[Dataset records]
------------------------------------------------

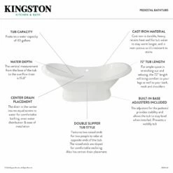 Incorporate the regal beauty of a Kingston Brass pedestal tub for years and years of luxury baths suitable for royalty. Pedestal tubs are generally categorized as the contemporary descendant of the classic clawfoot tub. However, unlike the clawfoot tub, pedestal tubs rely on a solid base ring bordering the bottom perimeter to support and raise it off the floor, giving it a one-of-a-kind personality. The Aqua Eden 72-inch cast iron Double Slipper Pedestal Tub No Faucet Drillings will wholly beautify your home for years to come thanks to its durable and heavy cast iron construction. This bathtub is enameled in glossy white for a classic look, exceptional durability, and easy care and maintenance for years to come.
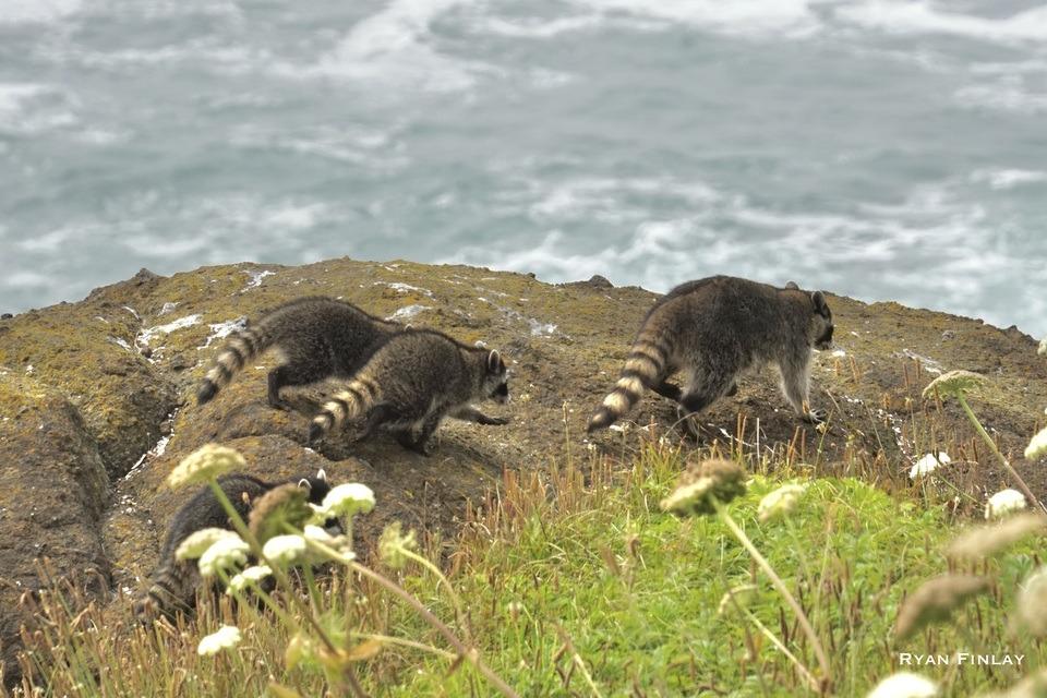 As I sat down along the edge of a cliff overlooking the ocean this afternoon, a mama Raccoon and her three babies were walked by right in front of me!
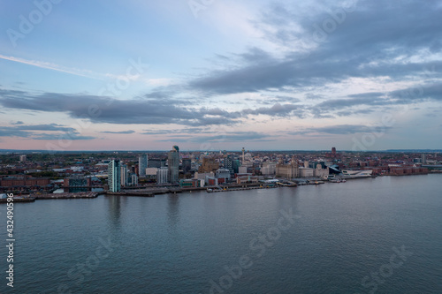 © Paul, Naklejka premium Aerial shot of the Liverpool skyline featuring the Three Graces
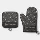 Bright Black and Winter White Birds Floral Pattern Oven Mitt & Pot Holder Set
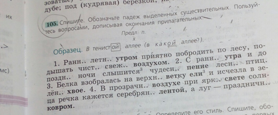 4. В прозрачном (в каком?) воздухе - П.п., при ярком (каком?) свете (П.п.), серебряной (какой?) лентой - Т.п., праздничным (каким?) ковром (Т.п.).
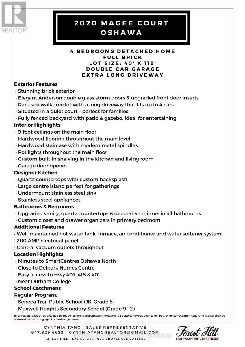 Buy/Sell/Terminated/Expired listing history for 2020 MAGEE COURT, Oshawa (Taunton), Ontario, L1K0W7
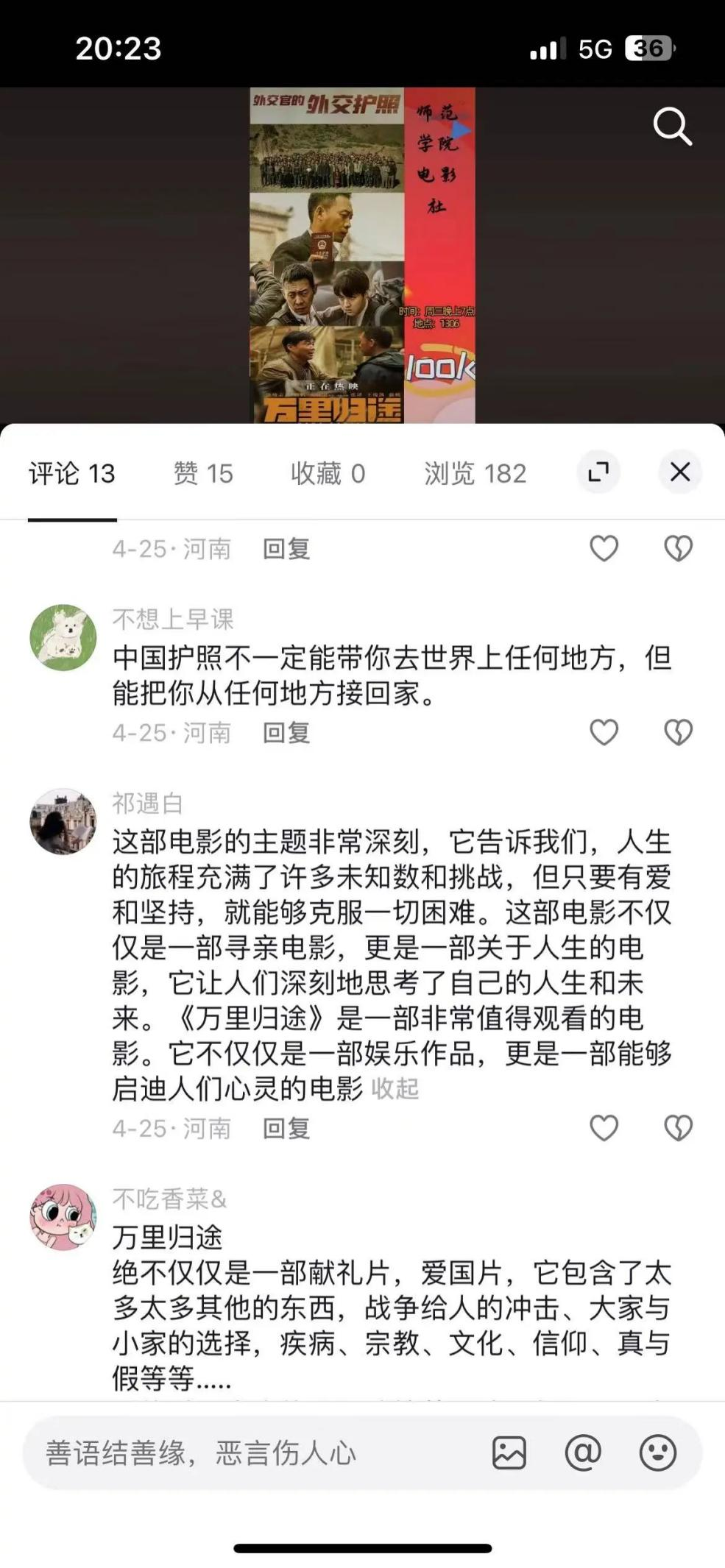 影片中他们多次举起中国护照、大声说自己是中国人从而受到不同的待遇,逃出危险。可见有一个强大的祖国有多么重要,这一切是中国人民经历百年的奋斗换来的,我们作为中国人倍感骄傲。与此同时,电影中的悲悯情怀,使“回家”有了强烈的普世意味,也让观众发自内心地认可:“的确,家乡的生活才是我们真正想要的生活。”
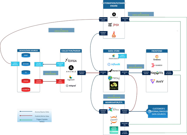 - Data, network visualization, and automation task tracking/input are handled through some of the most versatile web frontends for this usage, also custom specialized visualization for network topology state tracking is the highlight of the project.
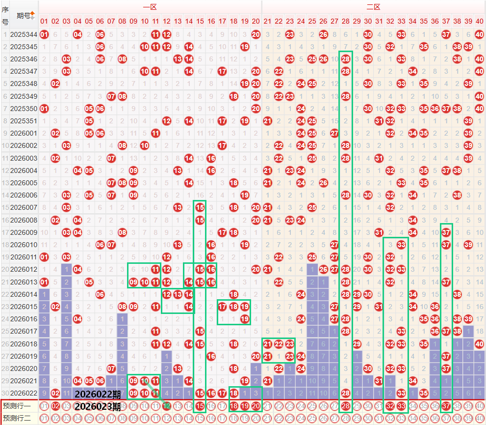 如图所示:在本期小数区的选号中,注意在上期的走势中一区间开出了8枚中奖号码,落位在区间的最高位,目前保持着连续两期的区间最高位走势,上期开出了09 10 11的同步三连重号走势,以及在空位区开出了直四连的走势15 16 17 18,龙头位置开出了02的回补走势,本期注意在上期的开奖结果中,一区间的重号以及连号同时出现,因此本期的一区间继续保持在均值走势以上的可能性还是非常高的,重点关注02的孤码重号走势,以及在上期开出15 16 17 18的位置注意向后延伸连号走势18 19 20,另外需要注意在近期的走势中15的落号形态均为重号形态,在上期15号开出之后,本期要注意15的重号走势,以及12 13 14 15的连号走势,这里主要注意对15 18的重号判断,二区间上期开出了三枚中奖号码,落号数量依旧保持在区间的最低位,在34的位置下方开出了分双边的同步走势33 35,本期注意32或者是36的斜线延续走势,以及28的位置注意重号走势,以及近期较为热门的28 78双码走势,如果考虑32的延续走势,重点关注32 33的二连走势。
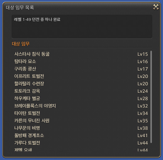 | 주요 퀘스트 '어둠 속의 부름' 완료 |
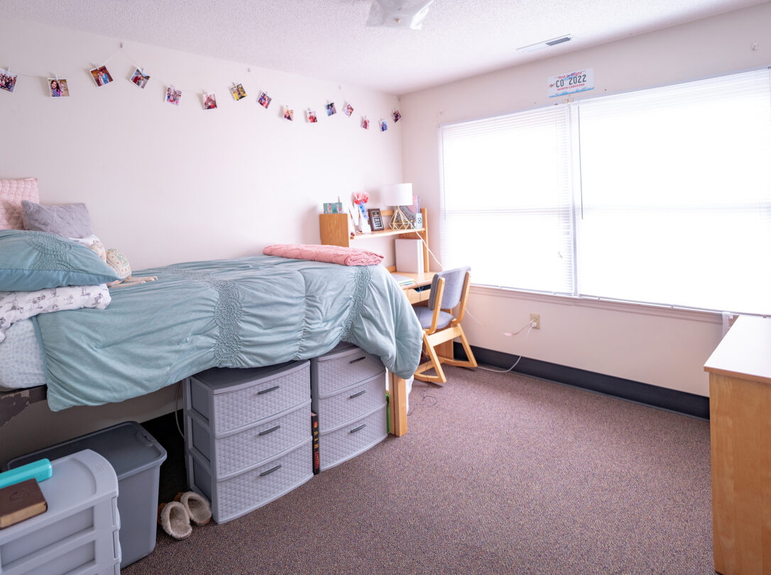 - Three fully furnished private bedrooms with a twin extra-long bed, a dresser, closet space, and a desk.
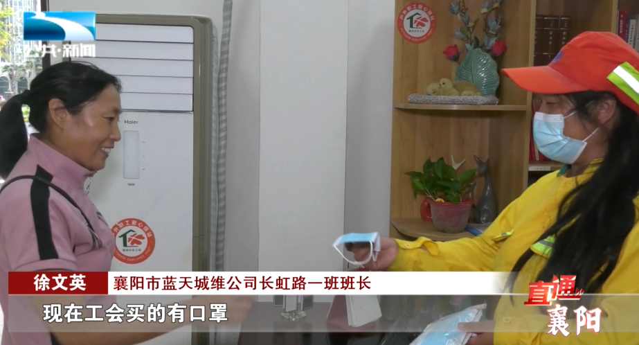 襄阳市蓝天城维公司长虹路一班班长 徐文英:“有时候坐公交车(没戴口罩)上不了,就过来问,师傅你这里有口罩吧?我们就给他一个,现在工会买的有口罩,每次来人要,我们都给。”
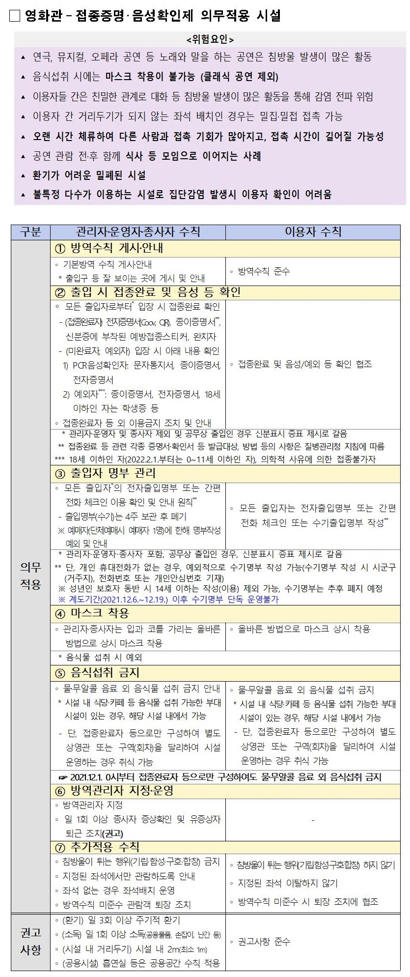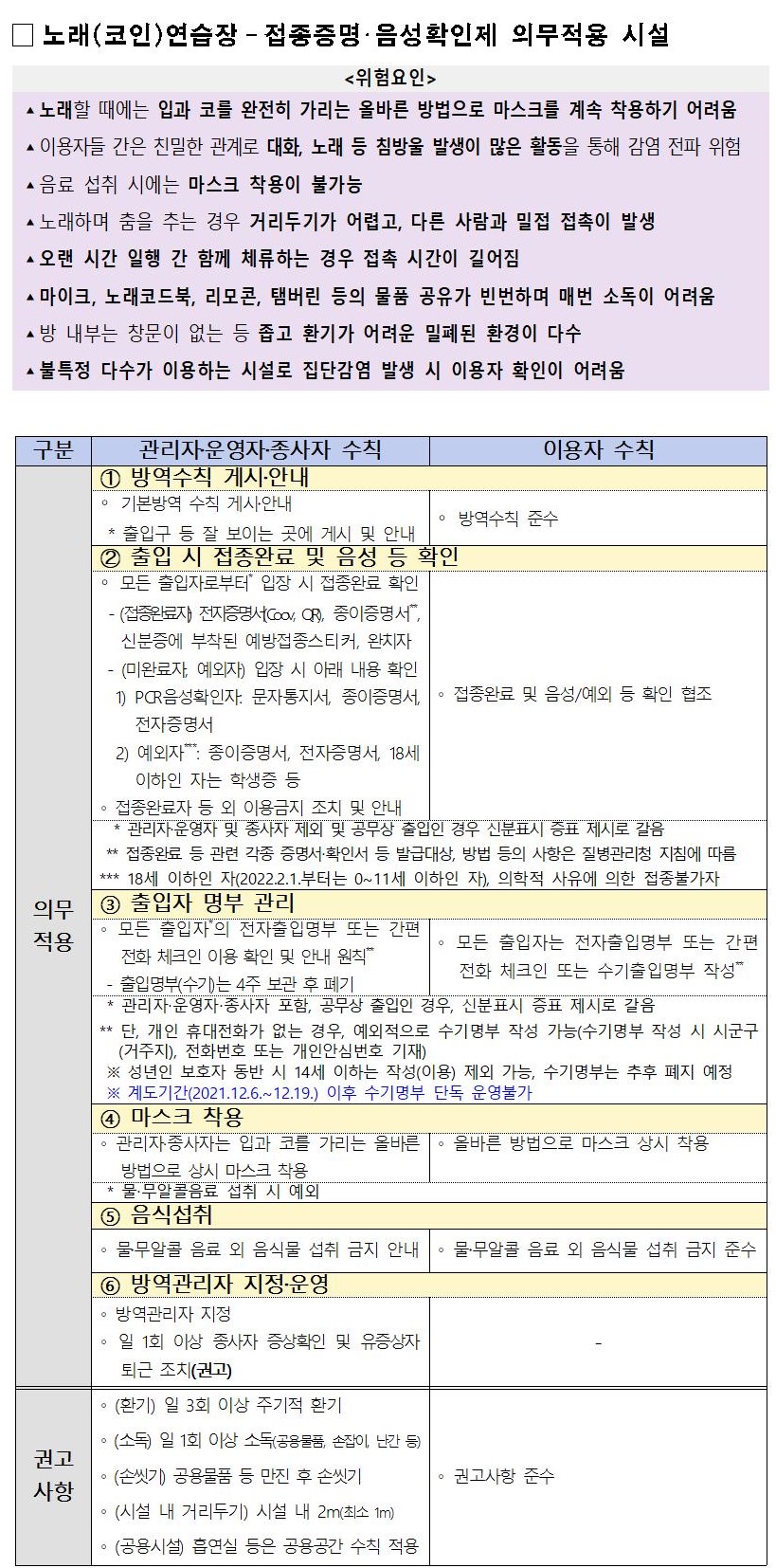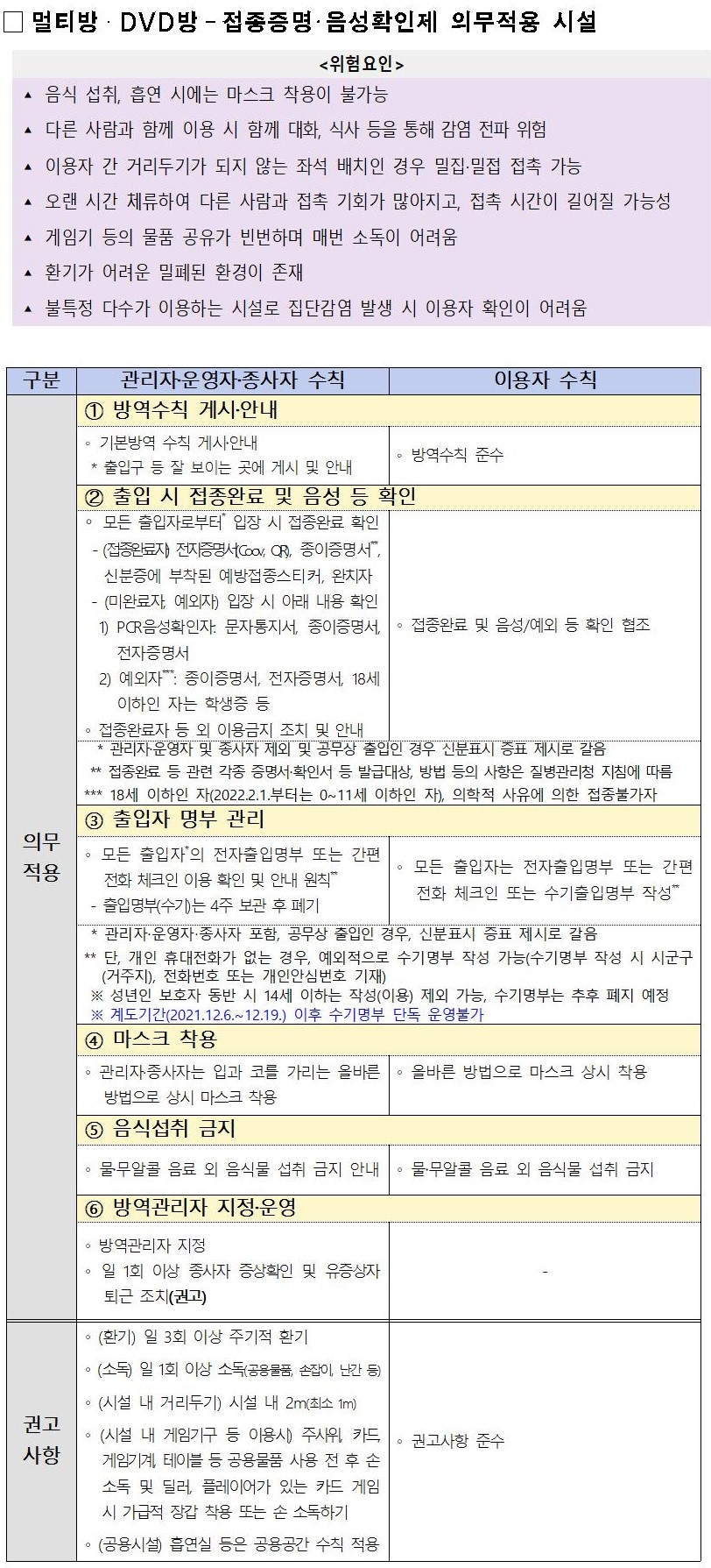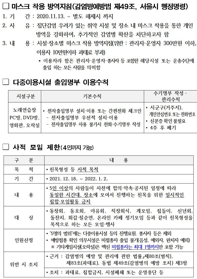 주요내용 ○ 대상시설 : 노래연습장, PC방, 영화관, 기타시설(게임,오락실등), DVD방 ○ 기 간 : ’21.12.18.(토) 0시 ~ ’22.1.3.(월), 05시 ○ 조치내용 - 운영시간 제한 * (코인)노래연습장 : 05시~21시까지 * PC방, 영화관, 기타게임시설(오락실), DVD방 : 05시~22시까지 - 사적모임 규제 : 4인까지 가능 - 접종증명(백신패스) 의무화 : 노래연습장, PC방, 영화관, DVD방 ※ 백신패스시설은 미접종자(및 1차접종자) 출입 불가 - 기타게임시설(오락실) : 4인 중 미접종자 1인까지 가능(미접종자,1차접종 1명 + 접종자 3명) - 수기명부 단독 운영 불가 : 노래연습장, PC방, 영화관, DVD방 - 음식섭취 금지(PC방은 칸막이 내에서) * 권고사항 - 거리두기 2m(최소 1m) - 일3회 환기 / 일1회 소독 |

------------------------------------------------

Task requirements:
An exact copy of every entry above is required, without the pictures.

Response:
 Incorporate the regal beauty of a Kingston Brass pedestal tub for years and years of luxury baths suitable for royalty. Pedestal tubs are generally categorized as the contemporary descendant of the classic clawfoot tub. However, unlike the clawfoot tub, pedestal tubs rely on a solid base ring bordering the bottom perimeter to support and raise it off the floor, giving it a one-of-a-kind personality. The Aqua Eden 72-inch cast iron Double Slipper Pedestal Tub No Faucet Drillings will wholly beautify your home for years to come thanks to its durable and heavy cast iron construction. This bathtub is enameled in glossy white for a classic look, exceptional durability, and easy care and maintenance for years to come.
 As I sat down along the edge of a cliff overlooking the ocean this afternoon, a mama Raccoon and her three babies were walked by right in front of me!
 © Paul, Naklejka premium Aerial shot of the Liverpool skyline featuring the Three Graces
 Bright Black and Winter White Birds Floral Pattern Oven Mitt & Pot Holder Set
 4. В прозрачном (в каком?) воздухе - П.п., при ярком (каком?) свете (П.п.), серебряной (какой?) лентой - Т.п., праздничным (каким?) ковром (Т.п.).
 Buy/Sell/Terminated/Expired listing history for 2020 MAGEE COURT, Oshawa (Taunton), Ontario, L1K0W7
 影片中他们多次举起中国护照、大声说自己是中国人从而受到不同的待遇,逃出危险。可见有一个强大的祖国有多么重要,这一切是中国人民经历百年的奋斗换来的,我们作为中国人倍感骄傲。与此同时,电影中的悲悯情怀,使“回家”有了强烈的普世意味,也让观众发自内心地认可:“的确,家乡的生活才是我们真正想要的生活。”
 - Data, network visualization, and automation task tracking/input are handled through some of the most versatile web frontends for this usage, also custom specialized visualization for network topology state tracking is the highlight of the project.
 如图所示:在本期小数区的选号中,注意在上期的走势中一区间开出了8枚中奖号码,落位在区间的最高位,目前保持着连续两期的区间最高位走势,上期开出了09 10 11的同步三连重号走势,以及在空位区开出了直四连的走势15 16 17 18,龙头位置开出了02的回补走势,本期注意在上期的开奖结果中,一区间的重号以及连号同时出现,因此本期的一区间继续保持在均值走势以上的可能性还是非常高的,重点关注02的孤码重号走势,以及在上期开出15 16 17 18的位置注意向后延伸连号走势18 19 20,另外需要注意在近期的走势中15的落号形态均为重号形态,在上期15号开出之后,本期要注意15的重号走势,以及12 13 14 15的连号走势,这里主要注意对15 18的重号判断,二区间上期开出了三枚中奖号码,落号数量依旧保持在区间的最低位,在34的位置下方开出了分双边的同步走势33 35,本期注意32或者是36的斜线延续走势,以及28的位置注意重号走势,以及近期较为热门的28 78双码走势,如果考虑32的延续走势,重点关注32 33的二连走势。
 | 주요 퀘스트 '어둠 속의 부름' 완료 |
 - Three fully furnished private bedrooms with a twin extra-long bed, a dresser, closet space, and a desk.
 襄阳市蓝天城维公司长虹路一班班长 徐文英:“有时候坐公交车(没戴口罩)上不了,就过来问,师傅你这里有口罩吧?我们就给他一个,现在工会买的有口罩,每次来人要,我们都给。”
 주요내용 ○ 대상시설 : 노래연습장, PC방, 영화관, 기타시설(게임,오락실등), DVD방 ○ 기 간 : ’21.12.18.(토) 0시 ~ ’22.1.3.(월), 05시 ○ 조치내용 - 운영시간 제한 * (코인)노래연습장 : 05시~21시까지 * PC방, 영화관, 기타게임시설(오락실), DVD방 : 05시~22시까지 - 사적모임 규제 : 4인까지 가능 - 접종증명(백신패스) 의무화 : 노래연습장, PC방, 영화관, DVD방 ※ 백신패스시설은 미접종자(및 1차접종자) 출입 불가 - 기타게임시설(오락실) : 4인 중 미접종자 1인까지 가능(미접종자,1차접종 1명 + 접종자 3명) - 수기명부 단독 운영 불가 : 노래연습장, PC방, 영화관, DVD방 - 음식섭취 금지(PC방은 칸막이 내에서) * 권고사항 - 거리두기 2m(최소 1m) - 일3회 환기 / 일1회 소독 |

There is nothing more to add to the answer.